O procurador geral do Município, Carlos Castim, confirmou que o Município pretendia ingressar, ainda ontem, com um pedido de ilegalidade da greve. “O problema é a declaração de emergência do município e a situação que estamos enfrentando. É preciso ter consciência. Vamos pedir a ilegalidade e a responsabilização por qualquer tipo de problema que enfrentarmos [de saúde pública]”, assegurou Castim. Até o final do dia, não havia registro do sistema eletrônico do Tribunal de Justiça sobre a petição.
Nesta quarta-feira (9), também encerra-se o prazo de cinco dias recomendado pelo Ministério Público para que pelo menos 75% dos agentes de endemia retornem ao trabalho. Entretanto, os grevistas afirmam não temer nenhum tipo de questionamento jurídico. A SMS afirmou que vai abrir processo administrativo contra os agentes nomeados neste ano que aderiram à greve.
Agentes colheram armadilhas com mais de 2 mil ovos
Em dez dos 16 anos desde que o Aedes aegypti foi identificado em Natal, houve surto epidêmico de dengue. O número de casos, crescente a cada ano, aliado ao surgimento de novas doenças – foram 2.420 casos suspeitos de zyka até dezembro, e mais dois de chikungunya que estão em análise – levaram à Secretaria Municipal de Saúde a adotar um novo sistema de controle do vetor: o VigiDengue.
A nova metodologia foi adotada há cerca de um mês, em substituição ao Levantamento Rápido de Índice de Infestação para Aedes aegypti (LIRAa). Com a nova metodologia, o monitoramento é feito semanalmente e por logradouro. São instaladas ovitrampas – espécie de armadilha que atrai o depósito de ovos do mosquito –, o que facilita a identificação de focos.

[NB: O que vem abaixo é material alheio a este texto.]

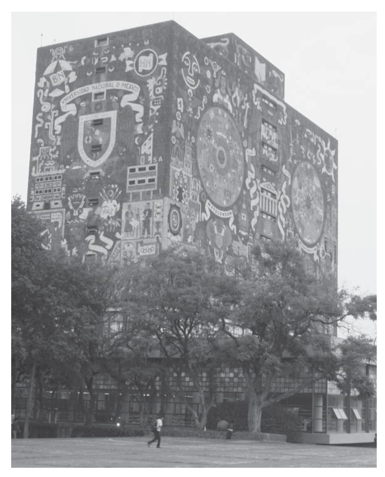
Figure 7: Juan O' Gorman, Central Library of National Autonomous University of Mexico, 1950–1956
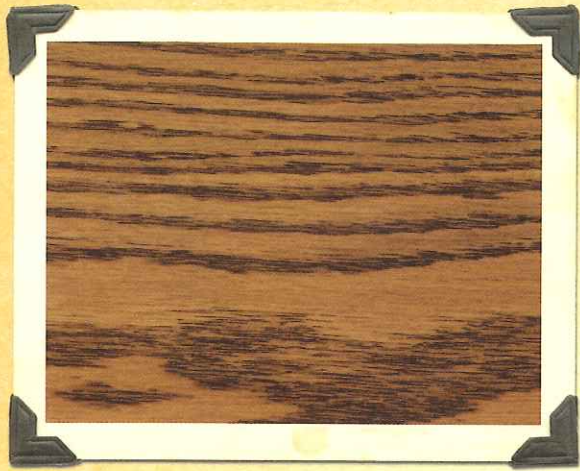
American Walnut - 47

Além de capturar os ovos, a armadilha também limpa o ambiente de outras infestações, uma vez que mosquito prefere o ambiente criado, escuro e úmido. As ovitrampas são constituídas por um recipiente plástico preto, um material poroso para depósito dos ovos e larvicida e até agora, 410 foram espalhadas pela capital – uma a cada 300 metros. Já foram colhidas armadilhas com mais de 2 mil ovos.
Identificando a concentração de depósito de ovos por região, é possível direcionar ações de combate específicos, segundo o coordenador do Centro de Zoonoses de Natal, Alessandre Medeiros. O sistema cria quatro níveis de alerta, que vão orientar a secretaria para as ações e o número de agentes necessários para cada região. “ Se conseguirmos bloquear antes que se expanda, acreditamos que podemos ao menos um pouco, o impacto da epidemia”, pontu o coordenador.
Entretanto, o secretário municipal de Saúde, Luiz Roberto Fonseca, acredita que é “impossível” fazer o combate sem o fim da greve dos agentes de endemias. Ele afirmou que, com o retorno dos 292 agentes ao campo, o município não precisaria sequer recorrer ao apoio das forças armadas, ofertado pelo Ministério da Defesa.